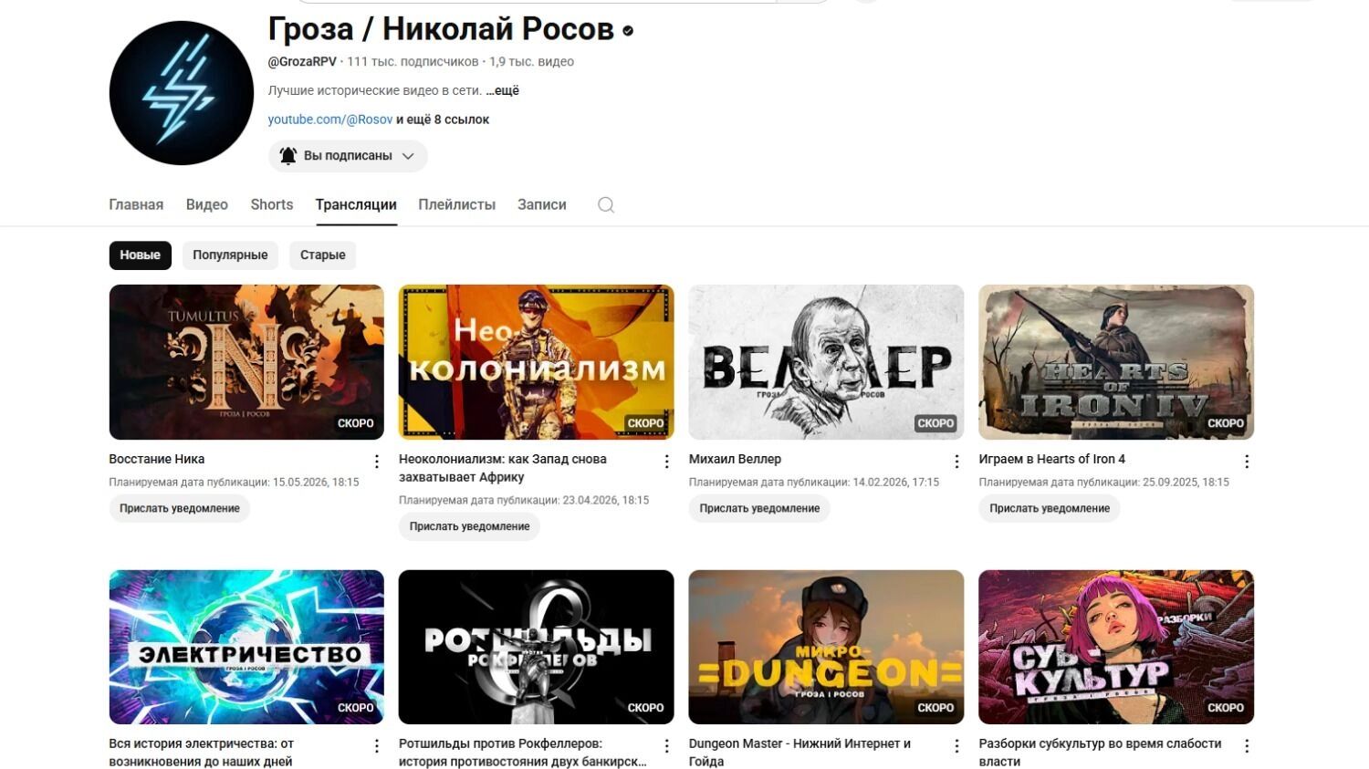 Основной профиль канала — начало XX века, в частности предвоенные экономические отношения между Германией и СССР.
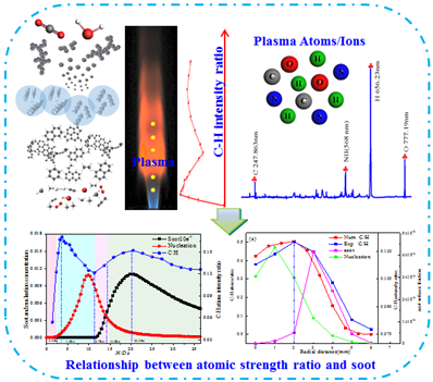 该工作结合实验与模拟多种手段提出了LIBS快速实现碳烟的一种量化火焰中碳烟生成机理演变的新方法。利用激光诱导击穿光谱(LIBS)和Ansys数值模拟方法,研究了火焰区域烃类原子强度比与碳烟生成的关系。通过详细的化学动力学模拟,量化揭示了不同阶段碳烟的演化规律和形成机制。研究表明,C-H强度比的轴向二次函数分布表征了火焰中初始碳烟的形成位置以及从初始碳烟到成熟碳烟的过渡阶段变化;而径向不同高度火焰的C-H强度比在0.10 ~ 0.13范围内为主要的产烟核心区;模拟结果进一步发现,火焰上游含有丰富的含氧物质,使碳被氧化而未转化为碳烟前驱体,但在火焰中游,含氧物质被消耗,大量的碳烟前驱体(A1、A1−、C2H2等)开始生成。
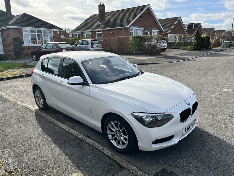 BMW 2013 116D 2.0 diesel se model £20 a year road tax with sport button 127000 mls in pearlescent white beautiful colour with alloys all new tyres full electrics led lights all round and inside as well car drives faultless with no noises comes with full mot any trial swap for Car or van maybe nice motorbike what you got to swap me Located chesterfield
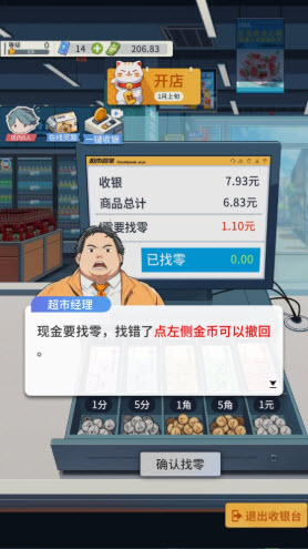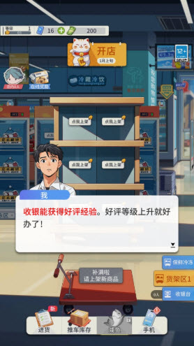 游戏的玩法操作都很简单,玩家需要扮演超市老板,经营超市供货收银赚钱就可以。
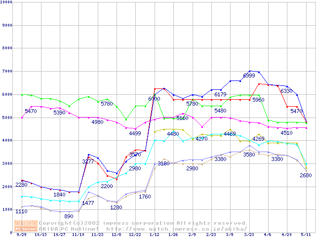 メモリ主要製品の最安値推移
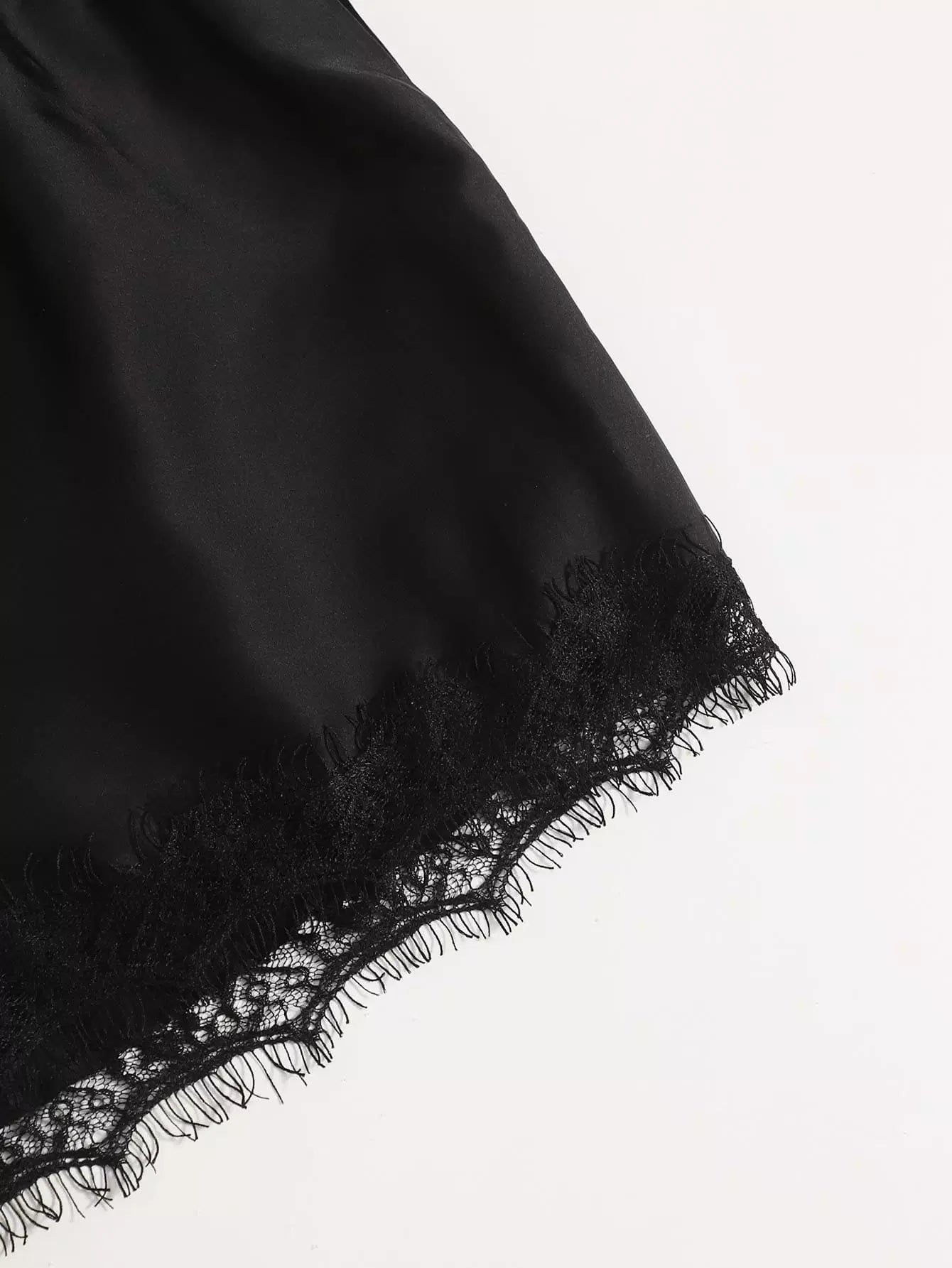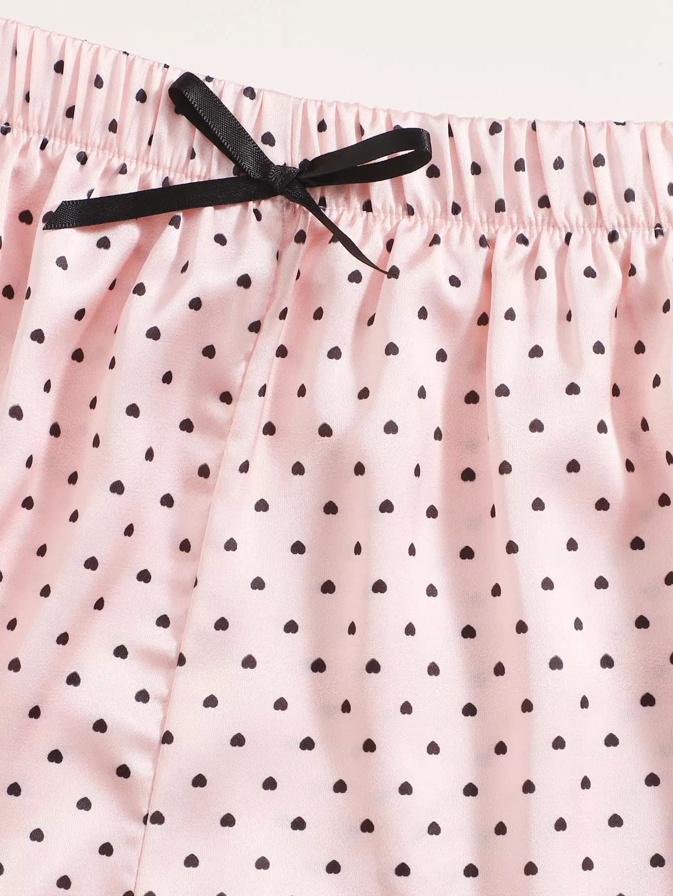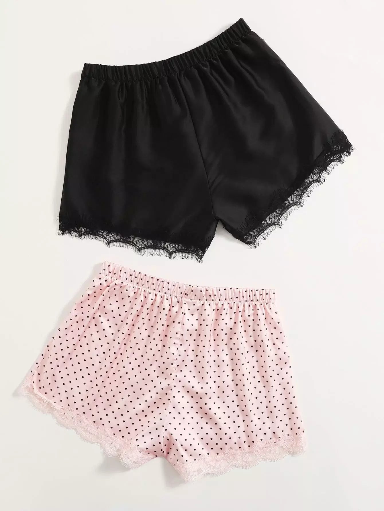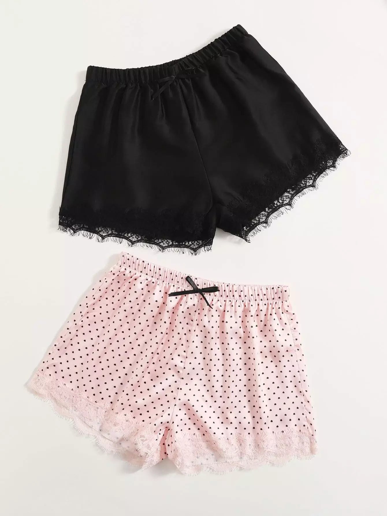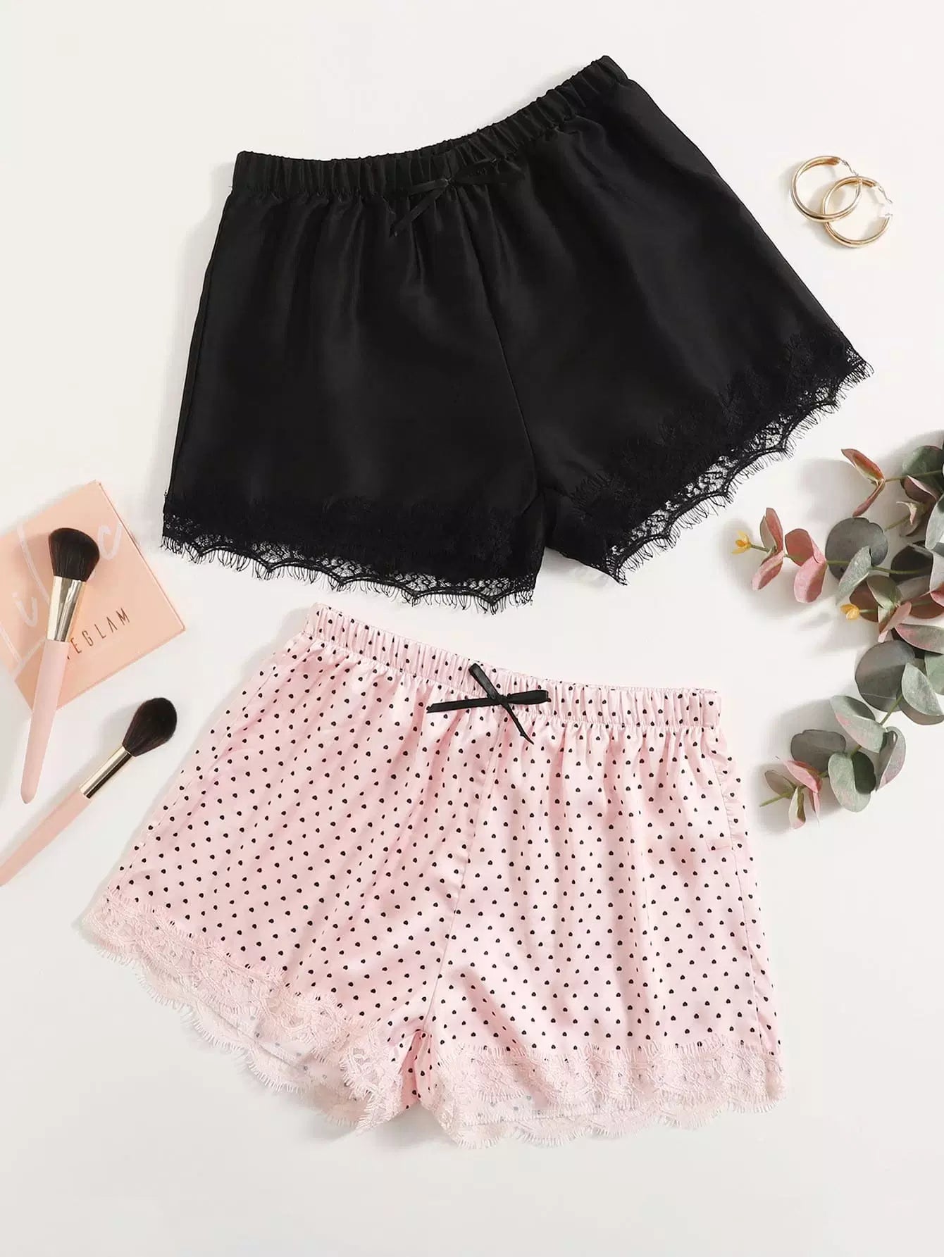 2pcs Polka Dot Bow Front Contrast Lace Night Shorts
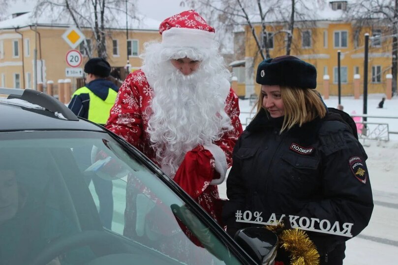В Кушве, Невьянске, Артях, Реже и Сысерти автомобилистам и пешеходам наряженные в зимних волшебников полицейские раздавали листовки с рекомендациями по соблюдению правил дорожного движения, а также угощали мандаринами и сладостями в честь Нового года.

=-=-=

Exercise directions »
Quote precisely the lines of the data from the line containing "メモリ主要製品の最安値推移" through its final line, both included, excluding pictures.

Task result »
 メモリ主要製品の最安値推移
 2pcs Polka Dot Bow Front Contrast Lace Night Shorts
В Кушве, Невьянске, Артях, Реже и Сысерти автомобилистам и пешеходам наряженные в зимних волшебников полицейские раздавали листовки с рекомендациями по соблюдению правил дорожного движения, а также угощали мандаринами и сладостями в честь Нового года.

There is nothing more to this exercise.